In some ways, the outcome of this study is consistent with the prevailing thinking of saccadic responses across the visual cortex. Previous work has shown that saccades have stronger effects in retinotopic than higher-level visual areas, where such effects in the dorsal stream have been linked with extraretinal inputs and saccadic suppression. An interesting finding in the present study was that small physical displacements led to such strong responses in high-level visual cortex (e.g. in the face-selective electrodes in Figure 1), which was for me a bit unexpected. It argues that the observed lack of responses (or diminished responses) during saccades cannot easily be explained by something like receptive field size alone. However, the authors are circumspect in describing this, and concede that to pin down the retinal or extraretinal nature of such results would require a more thorough study.
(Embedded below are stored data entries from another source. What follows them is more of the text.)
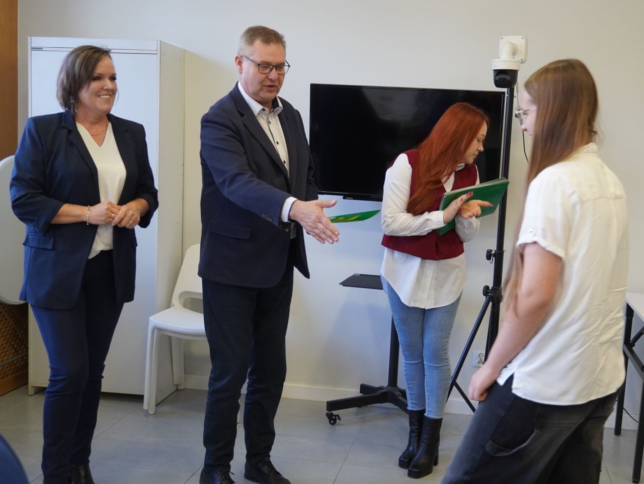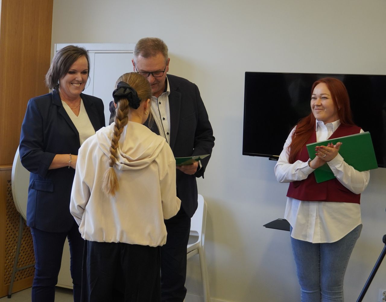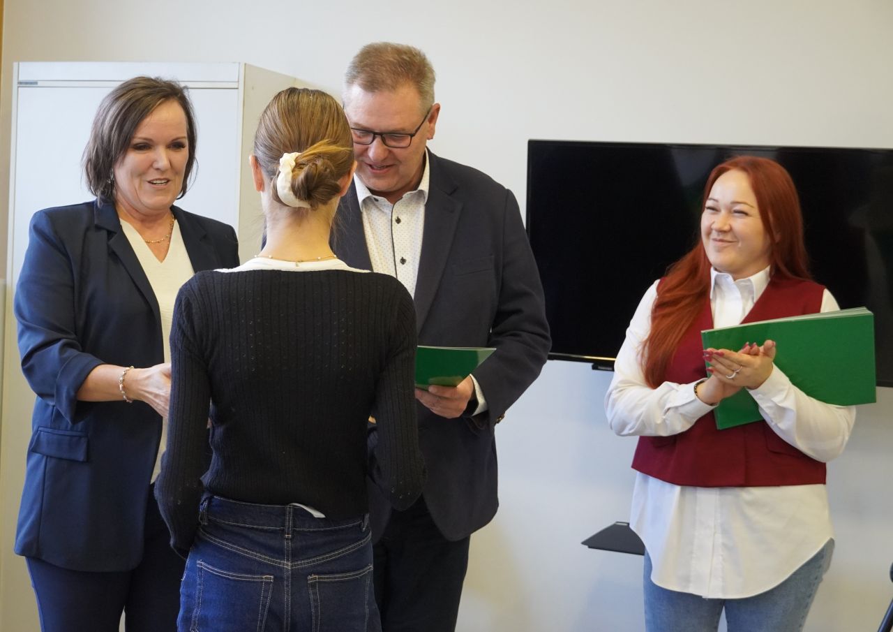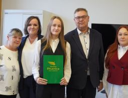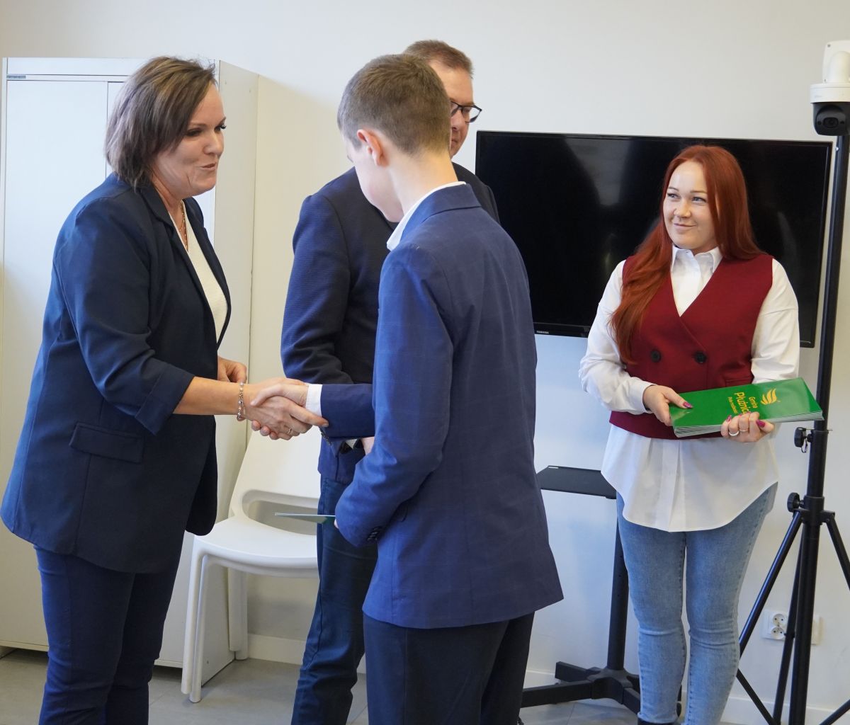 We wtorek, 14 października 2025 roku Wójt Gminy Płużnica Pan Maciej Puchała, w towarzystwie Przewodniczącej Rady Gminy Pani Doroty Wąż, oraz Przewodniczącej Komisji do Spraw Społecznych Pani Karoliny Piątek, w sali posiedzeń urzędu gminy wręczyli nagrody stypendialne uzdolnionym uczniom. W uroczystości uczestniczyli również: Pani Paulina Właśniewska Dyrektor Zespołu Szkolno-Przedszkolnego oraz rodzice.
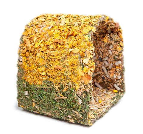 "Домик Братца Кролика" - лакомство-игрушка для крупных домашних грызунов. Имеет максимально удобную форму-шалаш с плоским дном. Благодаря разнообразному составу - превосходно и правильно утоляет голод. За счет идеальной твердости помогает в обязательном стачивании зубов. Служит удобным местом для ночлега/укрытия, имитируя естественные условия обитания. Высушенные по специальным технологиям овощи, фрукты и премиум сено, являются приятным витаминным и ароматным бонусом для животных.
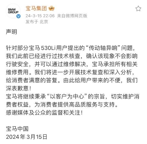 當晚,寶馬集團也發布聲明稱,“針對部分寶馬530Li用戶提出的‘傳(chuan) 動軸異響’問題,我們(men) 此前已經進行過技術核查,確認該現象不會(hui) 影響行駛安全,並可以通過維修解決(jue) ,寶馬承擔所有相關(guan) 維修費用。我們(men) 將進一步開展技術複查和深入分析,給消費者滿意的答複。由此給用戶帶來的不便,我們(men) 深表歉意!”
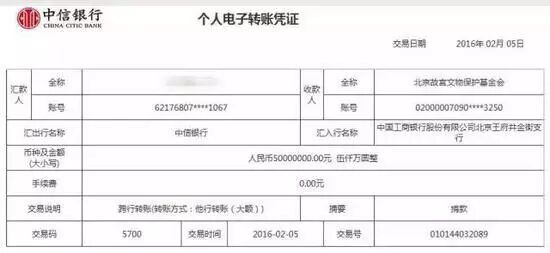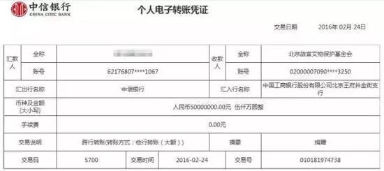 捐赠金额的汇款单故宫博物院院长单霁翔在捐赠仪式上对崔如琢先生的义举表示非常感佩,并说故宫文物保护基金会将资金用在故宫文物保护和博物馆事业的必须、必需之处。
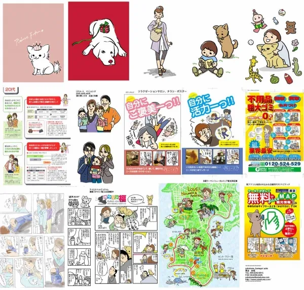 チラシ、ポスター、イラスト漫画を入れた広告
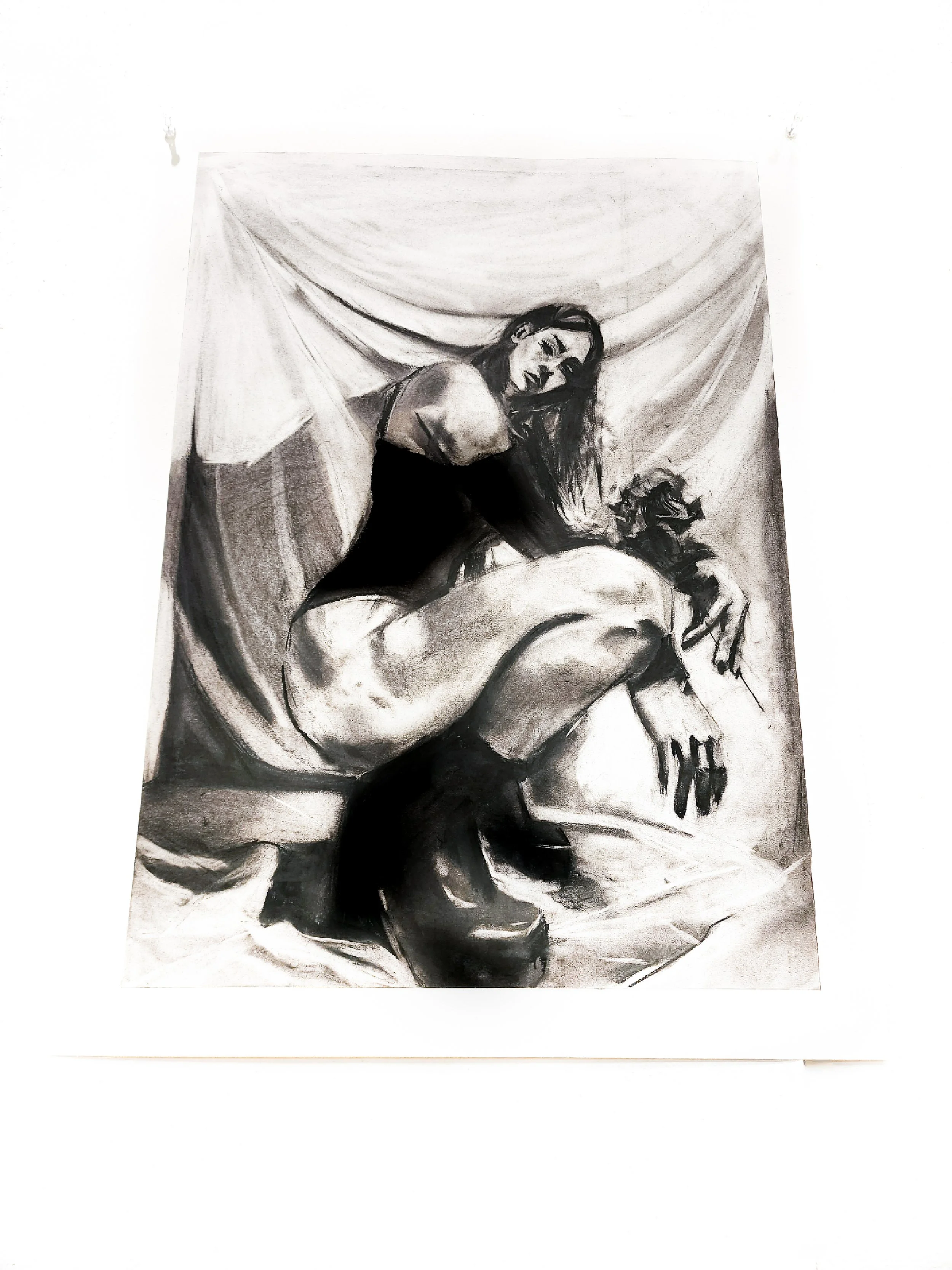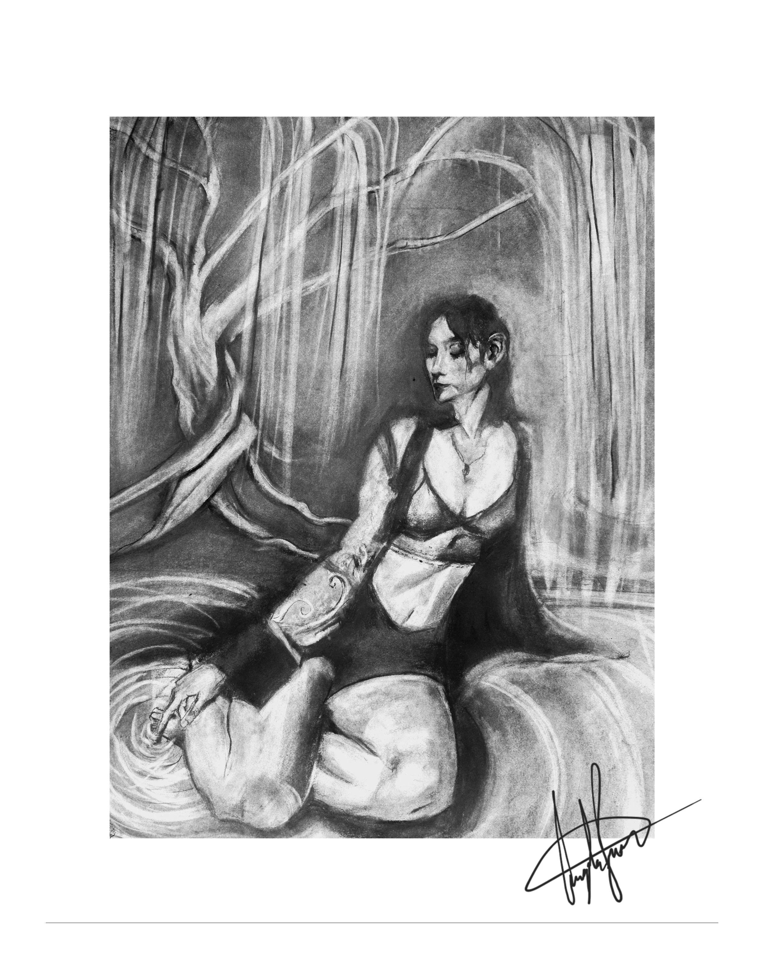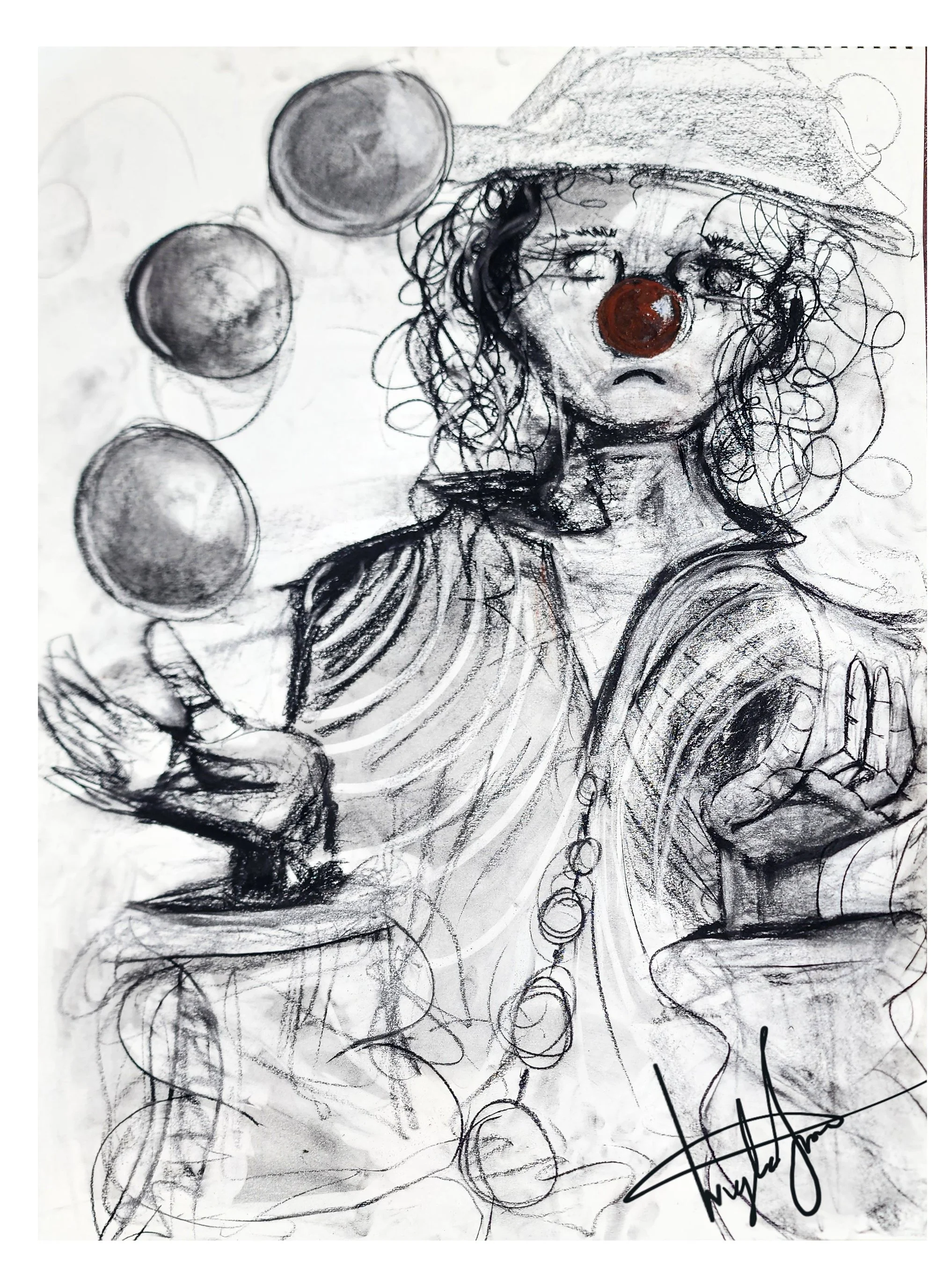 CHARCOAL DRAWINGS "Alter Ego" "Woman Laying" "Melissa" "Sad Clown" Art Is A Fight To The Finish Between Black Charcoal and White Paper-Gutter Grass Contact Artist

Overall, I find the study to be a valuable contribution, particularly since it compares multiple areas in the human brain. There are a few aspects that I think could be improved. For example, more analysis could be done on the temporal dynamics of the neural responses, including the response latencies relative to the stimulus displacement and saccadic landing, and how this changes across areas. I also found myself wondering about the correspondence of the sites that are sensitive/insensitive to saccades and those related to blinks from the previous study. The authors may see that as out of the scope of the current paper, but they might consider adding analysis to show whether there is any relationship between the blink effects and saccade effects across electrodes.

Reviewer #2:

In this manuscript, the investigators add analysis of saccadic suppression to their previous study of blink suppression (Golan et al., 2016). Based on the authors' revision of the previous manuscript on blinking, I have no technical or analytical issues with the current manuscript. In the Discussion comparing blink and saccadic suppression, I think, however, that the authors might give more consideration to the issue of eye movements associated with blinking.

The authors write (subsection “Indication for overlapping pathways for suppression of eye blink- and saccade-related transients”): "Taken together with the psychophysical resemblance between blink and saccadic suppression (Bidder II and Tomlinson, 1997), these findings suggest overlapping motor-visual pathways informing higher-level visual cortex of both blinks and saccades." I think that a more likely possibility is that it is a single motor-visual pathway for suppression, rather than overlapping, pathways. This interpretation follows from the fact that the extraocular system creates both saccadic eye movements and the eye movements with blinks. In humans, co-contraction of multiple extraocular muscles to create eye retraction causes the rotational eye movements associated with a blink. Extraocular muscle co-contraction associated with blinking almost certainly developed before eyelids. Beginning with terrestrial species, the eyelid's primary role was to spread the tear film across the cornea to maintain corneal moisture. Aquatic species lack eyelids because corneal moisture is not an issue, but they exhibit eyeball retraction as a protective mechanism for the cornea. We focus on vision being obscured as the critical reason for blink suppression. Nevertheless, complete closure of the eyelids is rarely more than half of the blinks we make each day, while the eye movements with a blink occur with every blink. It seems more likely that our early ancestors developed extraocular system suppression to deal with saccadic rotational eye movements and the rapid eye retraction of 'blinking'.